Today at Aural Cafe we are reviewing the iFi Hip-DAC 3 portable DAC and Headphone Amplifier. But before that let us tell you a bit about iFi Audio. iFi Audio is a subsidiary of Abbingdon Music Research (AMR) which is one of the UK's largest manufacturers of high-end audio products such as AmpliFiers, Active Buffer/PreampliFiers, DACs, and USB filters. Founded in 2000, AMR is based in London, United Kingdom. It is a subsidiary of the Abbingdon Global Group.

iFi Audio is one of the most respected brands in the audiophile world with hi-fi products across different prices and product categories with one aim- to improve music enjoyment.

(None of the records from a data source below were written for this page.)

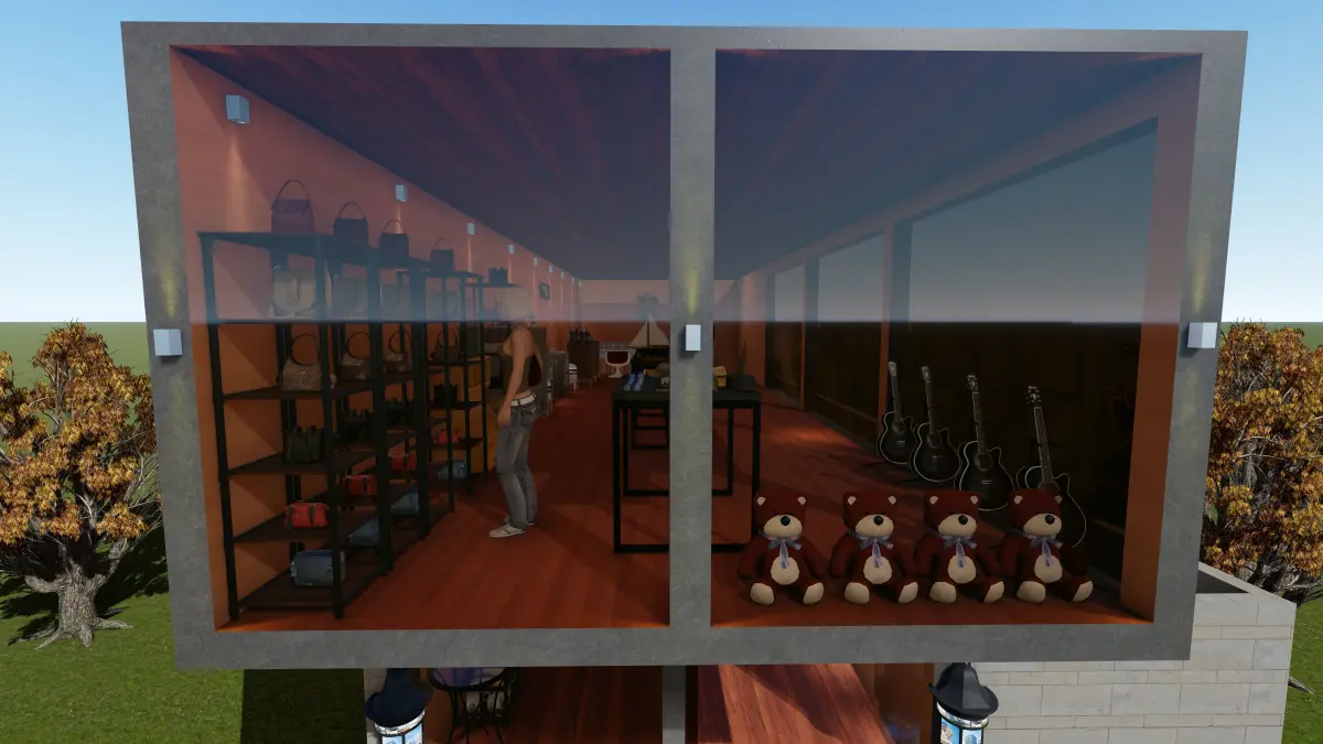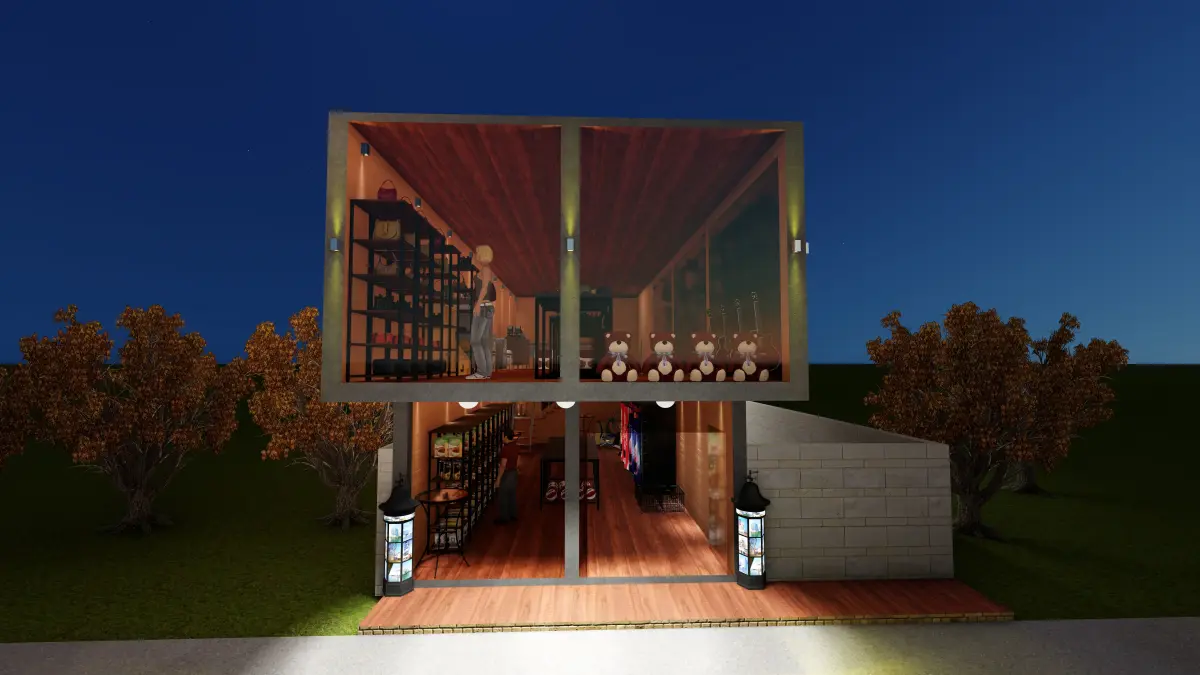 Shop made of iron containers and glassEasy to implement, cheap and resistant to all environmental conditions and beautiful appearance3d rendered by lumion 8
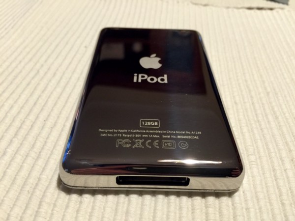 Since my first post about it the iPod has received a new click wheel, battery and back housing. I decided to also customise it a bit by swapping out the white click wheel with a black one and getting a custom back housing that has 128GB printed on it.
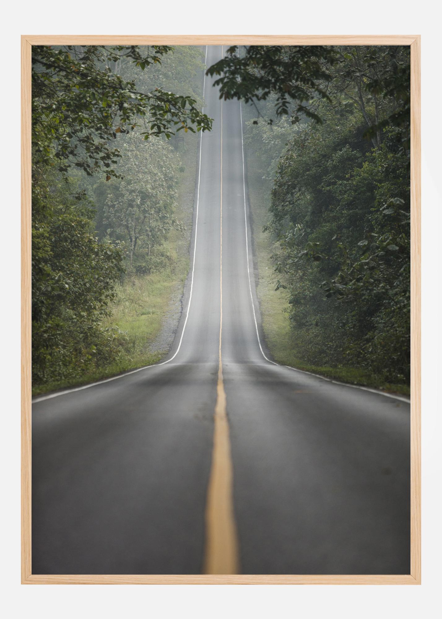 Krásna prírodná potlač osamelej cesty, ktorá vedie stredom lesa. Dlhá, rovná cesta vedie priamo cez stred zelenej lesa a zvýrazňuje žltú čiaru v strede obrazu. Jednoduchý plagát, ktorý vás prinúti zamyslieť sa, kam táto dlhá šedá cesta vedie.
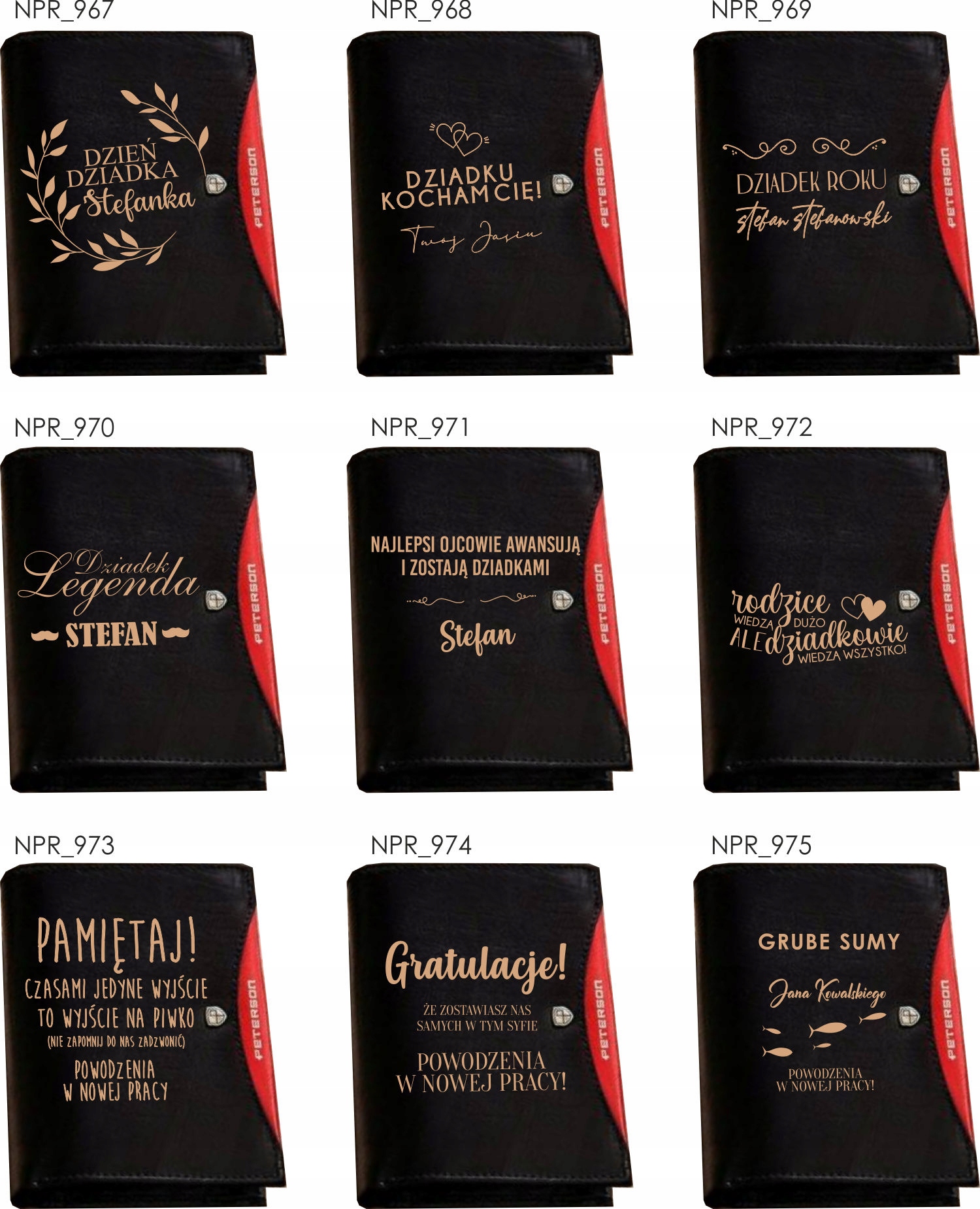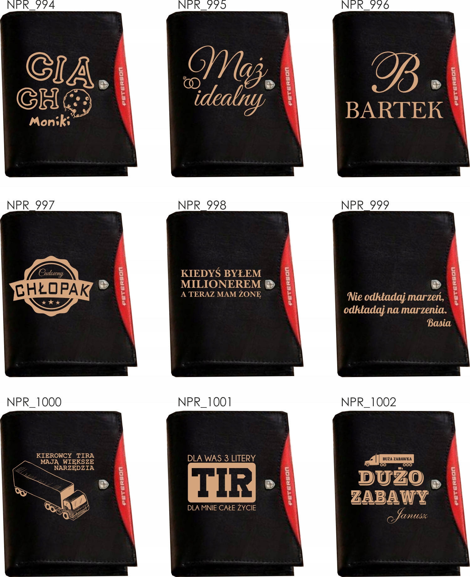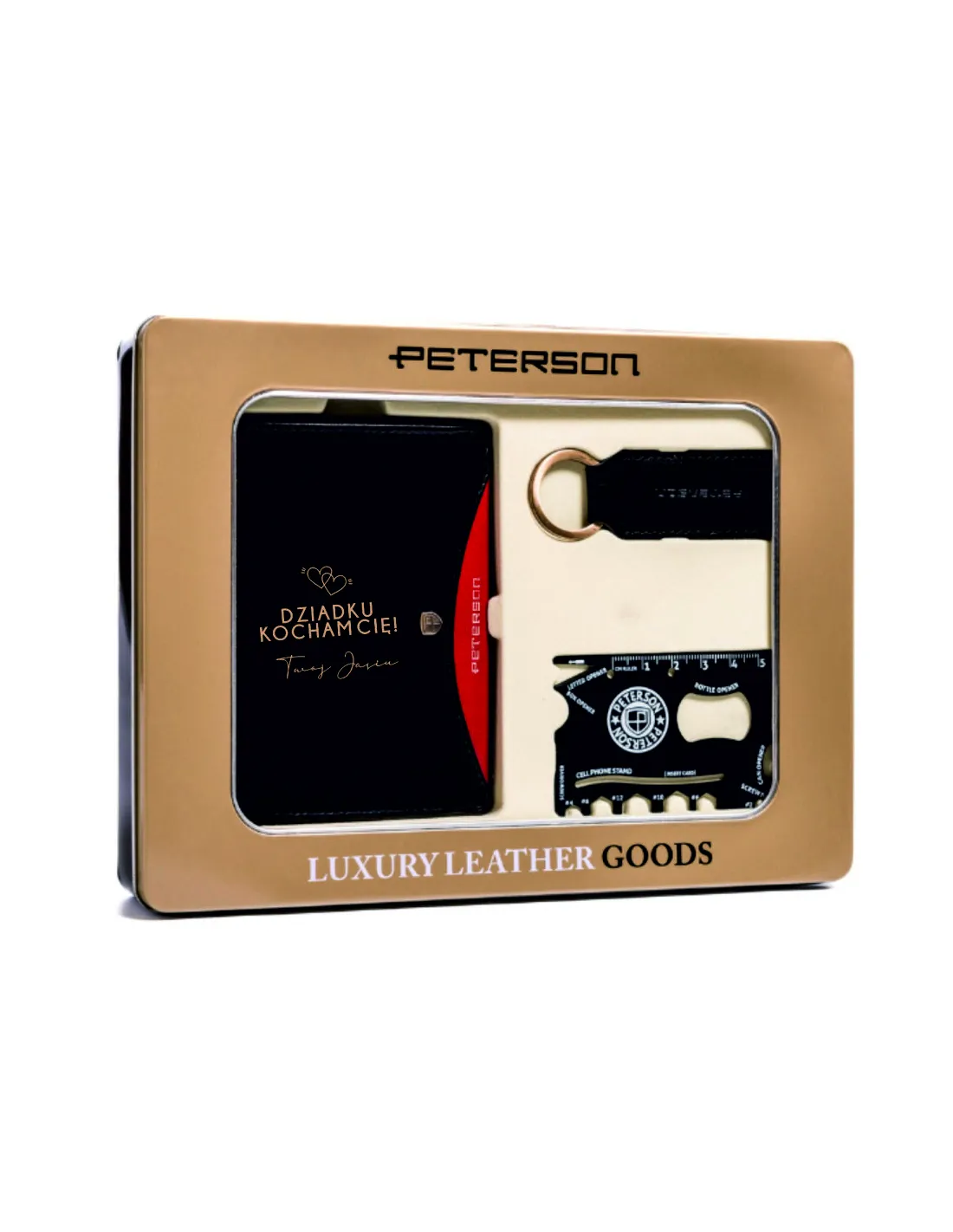 Elegancki skórzany portfel z indywidualnym grawerem marki PETERSON® + skórzany brelok + karta przetrwania
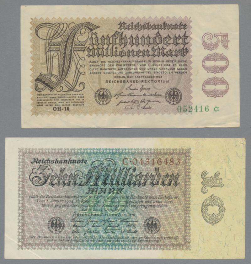 Deutschland - Deutsches Reich bis 1945 1908-1942, Partie von etwa 290 Banknoten mit u.a. Kaiserreich, Inflation und Weimarer Republik. Zusätzlich sind noch ca. 220 deutsche Notgeldscheine (meist Serienscheine), ein paar DDR-Orden, 6 verschiedenen Notmünzen von Sachsen aus Porzellan von 1921 und 43 Banknoten aus aller Welt aus den Jahren 1909 bis 1988 enthalten. Die Erhaltung bei den Banknoten ist jeweils von kassenfrisch bis stärker gebraucht. (Image)
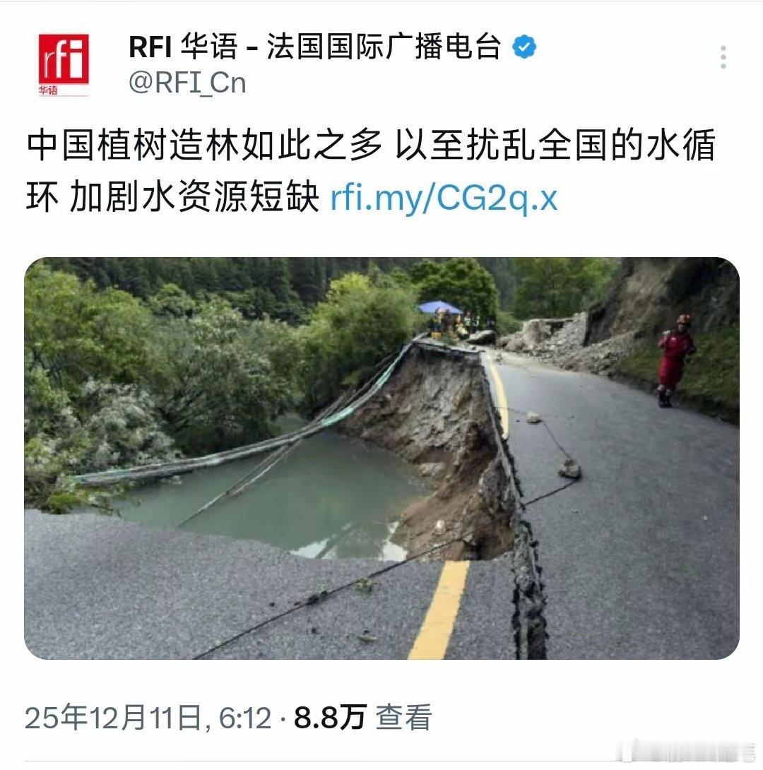 法国人也加入BBC那种不要脸了,说中国植树造林如此之多,以至扰乱全国的水循环 加剧水资源短缺。这货简直就是鸡蛋挑骨头,中国种树太多也有问题了?
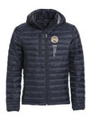 Moderne jakke i fuskedun. Avtagbar hette og tre utvendige lommer med glidelås. To innvendige lommer. Tilpasset for hodetelefoner....
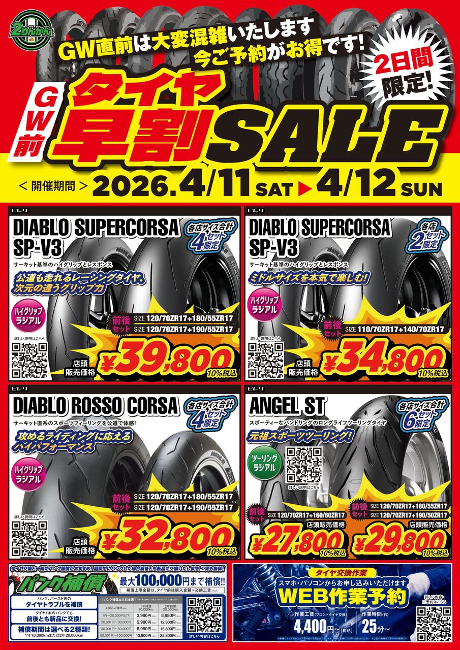 4/11~4/12 GW前タイヤ早割セール開催!
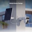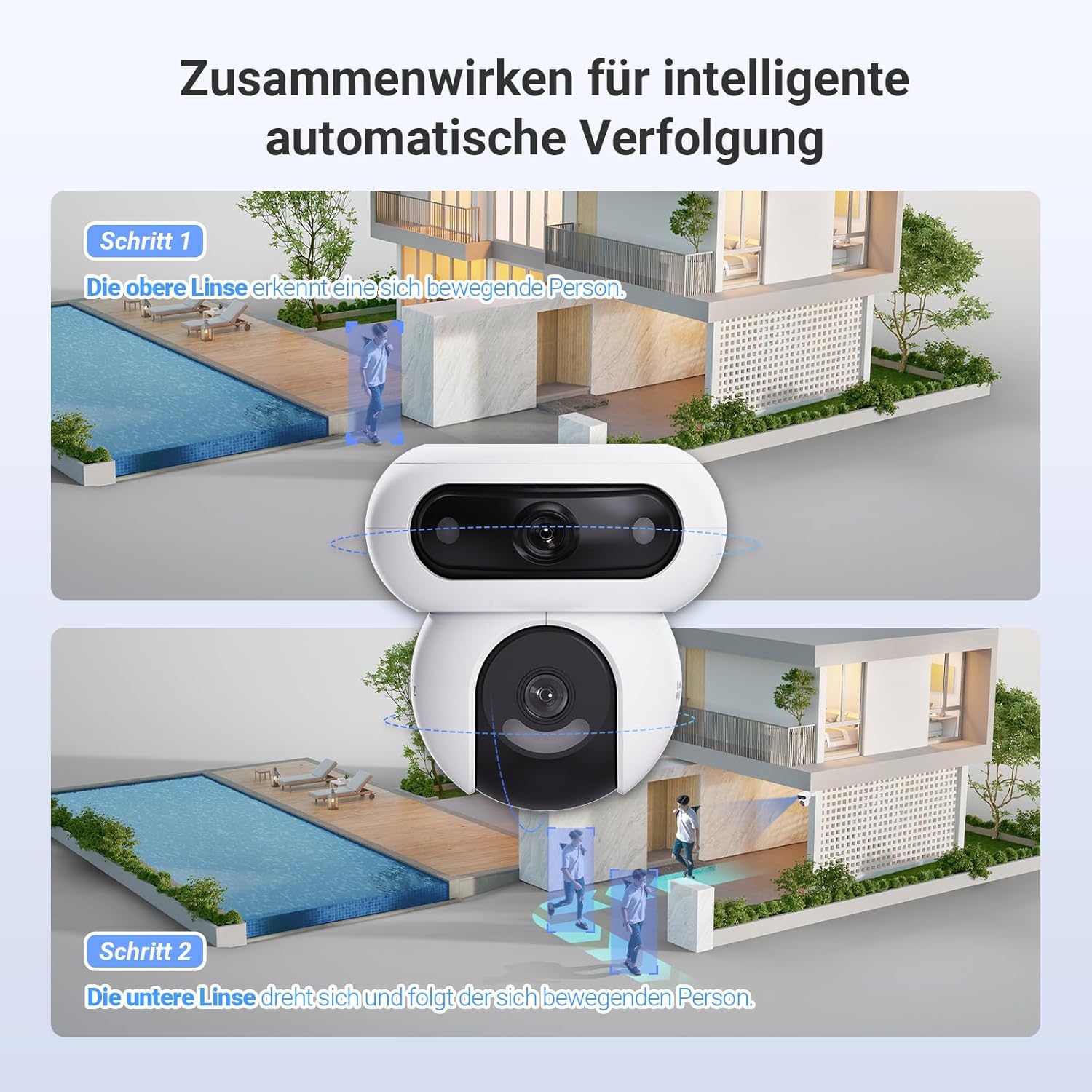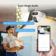 Dual-Linsen Batterie-Kamera 2K+ mit doppelter Rotation, 324° schwenk- & 90° neigbar, staub- & wetterfest, intelligente Alarme, Nachtsicht (in Farbe), Bewegungssensor mit KI-basierter Personenerkennung & integrierter Sirene und Stroboskoplicht (unterstützt Micro-SD bis zu 512GB), AOV-Unterstützung (24/7 Aufnahmen) und Solarpanel - Weiss
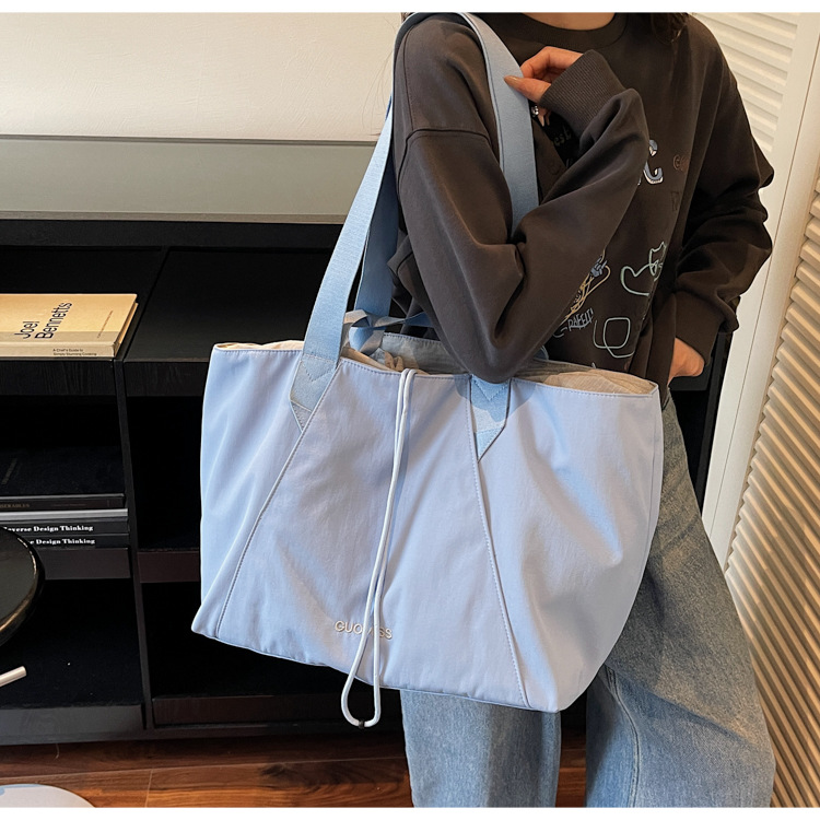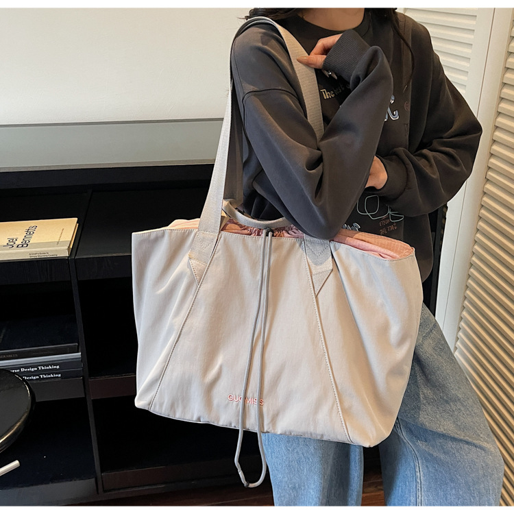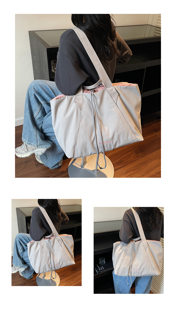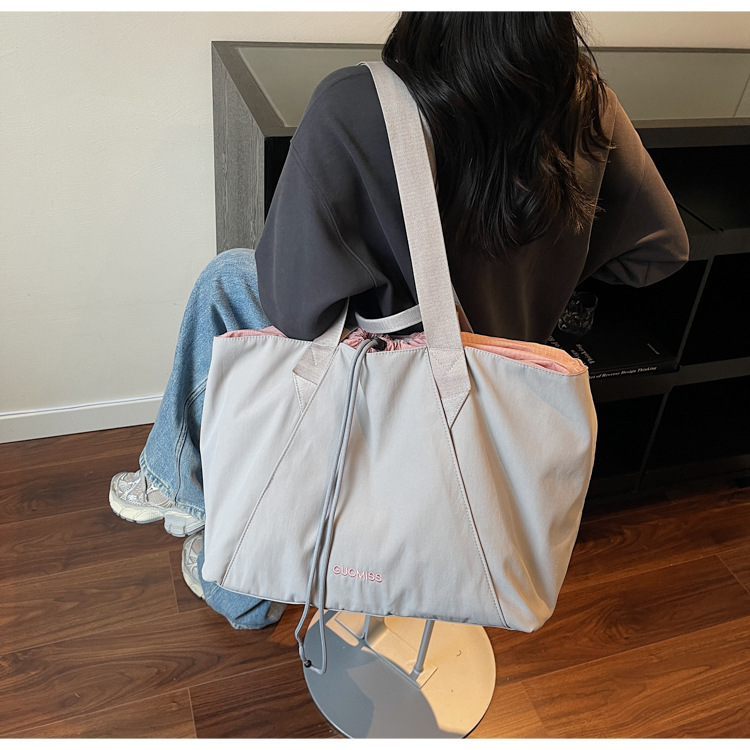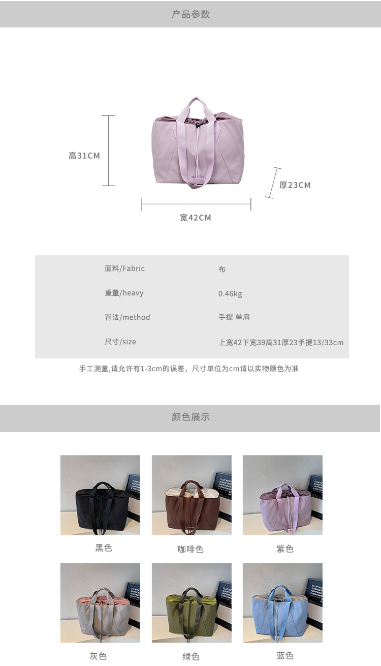 短途旅行包女大容量束口袋托特包休閒旅遊行李袋高級感手提健身包

Founded in 2012 iFi oversee the design, development, and manufacture of more than 50 products from their headquarters in Southport, UK. iFi products and their packaging are made from recyclable materials, including Aluminium, Paper and Recycled plastics. There are no hazardous toxins in their components, and they ensure that every product released meets environmental standards. iFi prides itself on being an eco-friendly company.

iFi Hip-DAC 3 is competitively priced at US$ 199 only.


Specifications: -
  • Input: USB-C
  • Formats Supported: DSD256 / PCM384kHz / Full MQA Decoder
  • DAC Used: Burr Brown Multibit
  • Headphone Outputs: 4.4mm Balanced, 3.5mm SE.
  • Power Output: BAL 400mW @ 32Ω; 6.3V @600Ω / UnBAL 280mW @ 32Ω; 3.2V @600Ω
  • SNR: BAL <109dB(A) @ 0dBFS / UnBAL <103dB(A) @ 0dBFS
  • DNR: BAL <109dB(A) / UnBAL <103dB(A)
  • THD + N: BAL <0.006X% (360mW/2.0V @600Ω) / UnBAL <0.01% (100mW/1.27V @16Ω)
  • Frequency Response: 20Hz - 45kHz (±3dB)
  • Power Consumption: <2W idle, 4W max
  • Battery: Lithium-polymer 2,200mAh up to 12 hours
  • Power System: Charging via USB-C, BC V1.2 compliant up to 1000mA charging current.
  • Dimensions: 102x70x14 mm, 135g
Disclaimer: -

The iFi audio Hip-DAC 3 is a loaner unit that was sent to us directly by iFi Audio. This review reflects our unbiased opinion as always.

Packaging & Accessories: -
  • iFi Hip-DAC 3
  • 4 x Silicone feet
  • USB-C to USB-A cable
  • USB-C to USB-C cable
  • USB-C to Lightning cable
  • iFi sticker
  • Documentation
Check out the full unboxing video here,



Build & Design: -

iFi audio Hip-DAC 3 is the third generation of the Hip-DAC series and features a Burr Brown DAC chipset, iFi’s familiar iEMatch, Power Match and XBass. iFi Hip-DAC 3 follows the same timeless flask size design language as its predecessors Hip-DAC 1, and 2. While the flask design remains the same, Hip-DAC 3 has been revamped inside out. The Hip-DAC 3 now comes in a robust and sleek aluminium case with a titanium shadow hue manifesting a piece of timeless art with a touch of modern sophistication. The top panel hosts a top-notch analogue volume knob along with the 3.5mm and 4.4mm Headphone jacks plus the Power Match and XBass buttons. iFi Hip DAC 3 uses the same Power Match switchable gain button to ensure the optimal power for the power-demanding headphones. On either side of the elegant volume knob are a pair of LEDs that change colour depending on the sample rate of the file currently being played. We at Aural Cafe especially just loved this simple and sleek idea.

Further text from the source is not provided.